The very fiber of her being called out for her surrender; the anguish was simply too great, too close, too real.  There was a greater darkness in this void – always, it called her, seduced her with the knowledge that giving up the fight would be so much easier.  She struggled with her own spirit.  but whenever she started to drift toward the chasm, the Others were there.

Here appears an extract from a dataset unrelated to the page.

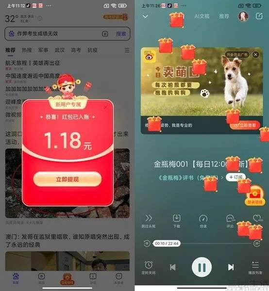 总计下来共有20款之多,分别是(排名不分先后):百度、百度极速版,抖音、抖音极速版,今日头条、今日头条极速版,快手、快手极速版,喜马拉雅、喜马拉雅极速版,爱奇艺、爱奇艺极速版,美团、美团极速版,墨迹天气、墨迹天气极速版,微博、微博极速版,UC浏览器、UC浏览器极速版。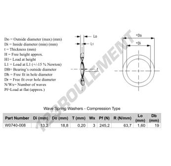 La Rondelle Ondulée - Type Compression de référence WSW-CT-18.800-13.200-0.200-3 possède un diamètre intérieur de 13.2 mm, un diamètre extérieur de 18.8 mm et une épaisseur de 0.2 mm. Elle est fabriquée en matière ACIER.

"Too soon, too soon," they would whisper, their cold but gentle hands herding her away from the brink.  "Where there is life and breath, you cannot abandon it.  You must turn back, child.  Go back, and we will be with you."  The voices were unfamiliar but reassuring, and she trusted them as only a child could.  Balling her fists against the pain, she climbed from the numbing refuge of the void into the deathly ruin of her own body.

She had awakened that evening, much to the startlement of her attending nurse who had grown accustomed to her fragile and unresponsive charge.  Malee  half-opened her eyes, which now seemed too large in her gaunt face, and croaked out a breathy plea for water.  The burly nurse had nearly fainted from the shock.  Upon recovering, she nodded, wide eyed, and fled from the room as though she had seen a ghost.  Exhausted, Malee tumbled back into unconsciousness before having the chance to see if the woman returned.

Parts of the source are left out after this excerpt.